By this point, we have worked with numpy quite a bit. PyTorch's building block, the `tensor` is similar to numpy's `ndarray`.

In [6]:
# we create tensors in a similar way to numpy nd arrays
x_numpy = np.array([0.1, 0.2, 0.3])
x_torch = torch.tensor([0.1, 0.2, 0.3])
print('x_numpy, x_torch')
print(x_numpy, x_torch)
print()

# to and from numpy, pytorch
print('to and from numpy and pytorch')
print(torch.from_numpy(x_numpy), x_torch.numpy())
print()

# we can do basic operations like +-*/
y_numpy = np.array([3, 4, 5.])
y_torch = torch.tensor([3, 4, 5])
print('x + y')
print(x_numpy + y_numpy, x_torch + y_torch)
print()

# many functions that are in numpy are also in pytorch
print("norm")
print(np.linalg.norm(x_numpy), torch.norm(x_torch))
print()

# to apply an operation along a dimension,
# we use the dim keyword argument instead of axis
print('mean along the 0th dimension')
x_numpy = np.array([[1, 2.], [3, 4.]])
x_torch = torch.tensor([[1, 2.], [3, 4.]])
print(np.mean(x_numpy, axis=0), torch.mean(x_torch, dim=0))

x_numpy, x_torch
[0.1 0.2 0.3] tensor([0.1000, 0.2000, 0.3000])

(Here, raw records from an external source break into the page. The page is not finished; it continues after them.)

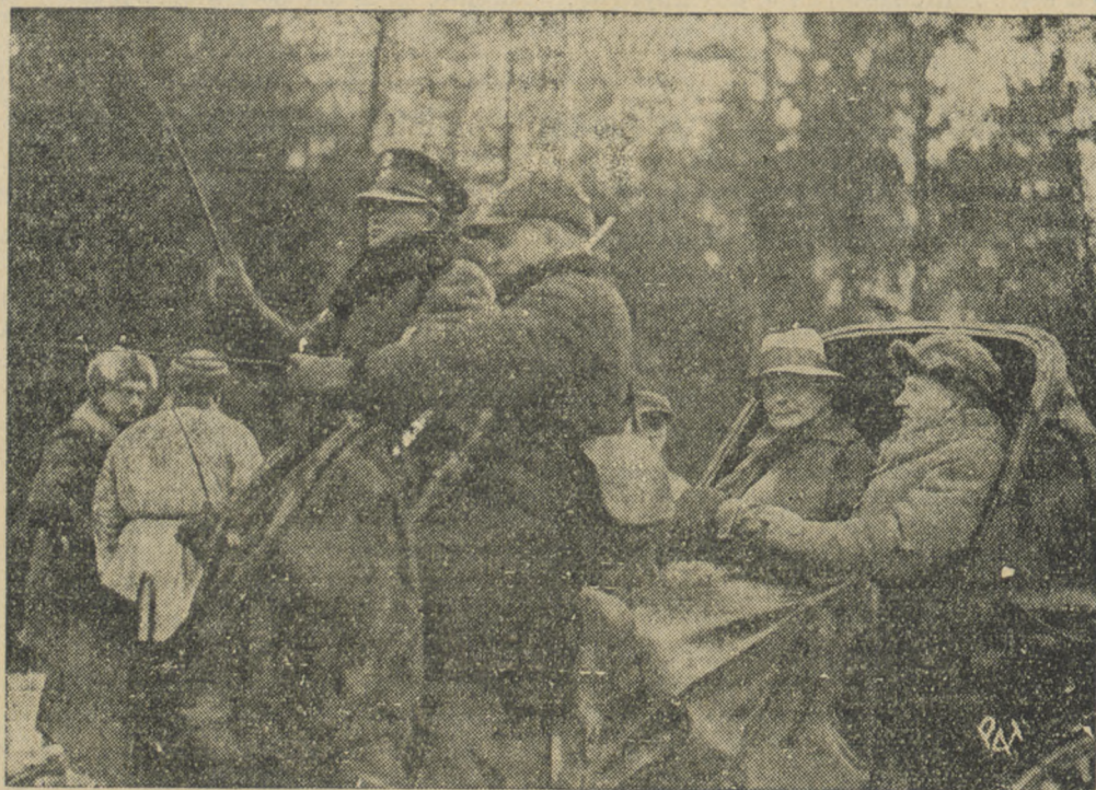
Na zaproszenie p. Prezydenta Rzplitej w reprezentacyjnym polowaniu w Białowieży wziął udział premier pruski p. Herman Goering. Na zdjęciu p. Prezydent Rzplitej w towarzystwie premiera pruskiego w. ki bitce w drodze na polowanie.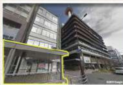
B13 京都タワー西側入り口に 一番近い出入口です。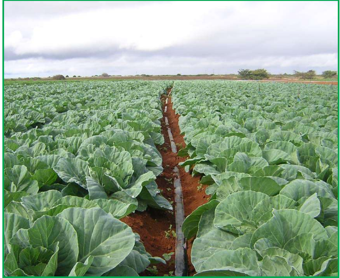
Mangueiras não precisam de bombeamento e atendem diferentes espécies vegetais

Para a água chegar às mangueiras, apenas a va-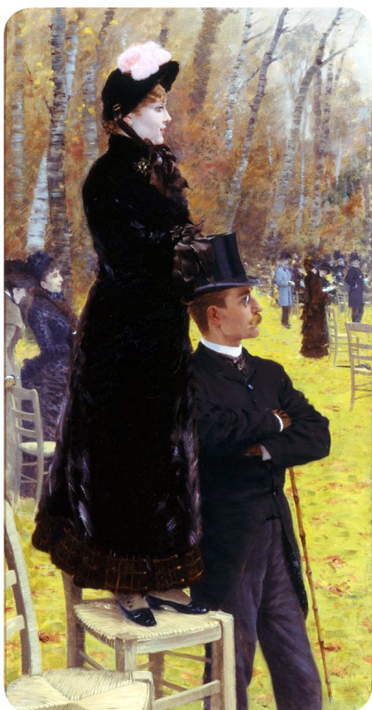
Giuseppe De Nittis Alle corse di Auteil

umidi e brillanti di luce infantile... la pittura è sporca, ma il tono è giusto... e... dipinti con una semplicità antica 7 . “Con i soggetti dell’infanzia povera egli mette in primo piano un’umanità diseredata, di toccante valore intimistico, con raffigurazioni che impressionano e mettono a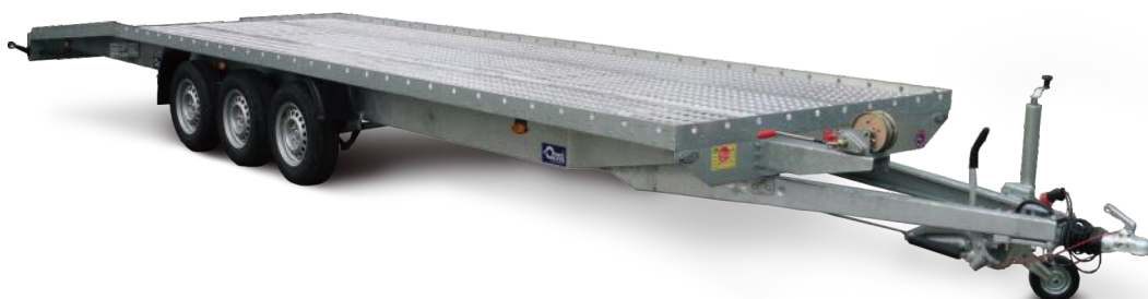
Indianapolis mit 3 Achsen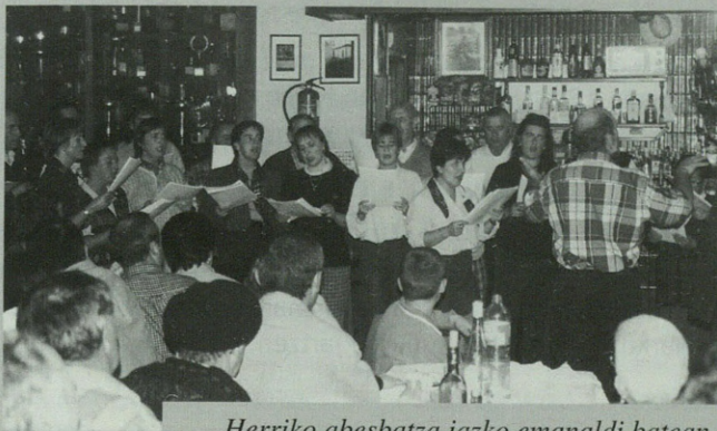
Herriko abesbatza iazko emanaldi batean.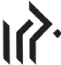
جامعه‌ی مشاوران ایران، طراح: مرتضی ممیز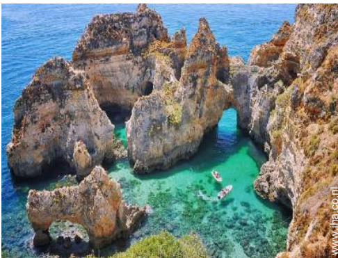
strandrecreatie in de buurt

to and from numpy and pytorch
tensor([0.1000, 0.2000, 0.3000], dtype=torch.float64) [0.1 0.2 0.3]

x + y
[3.1 4.2 5.3] tensor([3.1000, 4.2000, 5.3000])

norm
0.37416573867739417 tensor(0.3742)

mean along the 0th dimension
[2. 3.] tensor([2., 3.])


## `Tensor.view`
We can use the `Tensor.view()` function to reshape tensors similarly to `numpy.reshape()`

It can also automatically calculate the correct dimension of `a - 1` is passed in. This is useful if we are working with
batches, but the batch size is unknown.

In [7]:
# MNIST
N, C, W, H = 10000, 3, 28, 28
X = torch.randn((N, C, W, H))

print(X.shape)
print(X.view(N, C, 784).shape)
print(X.view(-1, C, 784).shape)  # automatically choose the 0th dimension

torch.Size([10000, 3, 28, 28])
torch.Size([10000, 3, 784])
torch.Size([10000, 3, 784])


## Broadcasting Semantics
Two tensors are "Broadcastable" if the following rules hold:
- Each tensor has at least one dimension
- When iterating over the dimension sizes, starting at the trailing dimension, the dimension sizes must either be equal,
one of them is 1, or one of them does not exist.

In [9]:
# PyTorch operations support NumPy Broadcasting Semantics
x = torch.empty(5, 1, 4, 1)
y = torch.empty(3, 1, 1)
print((x + y).size())

torch.Size([5, 3, 4, 1])


## Computation graphs

What's special about PyTorch's `tensor` object is that it implicitly creates a computation graph in the background. A
computation graph is a way of writing a mathematical expression as a graph. There is an algorithm to compute the gradients
of all the variable of a computation graph in time on the same order it is to compute the function itself.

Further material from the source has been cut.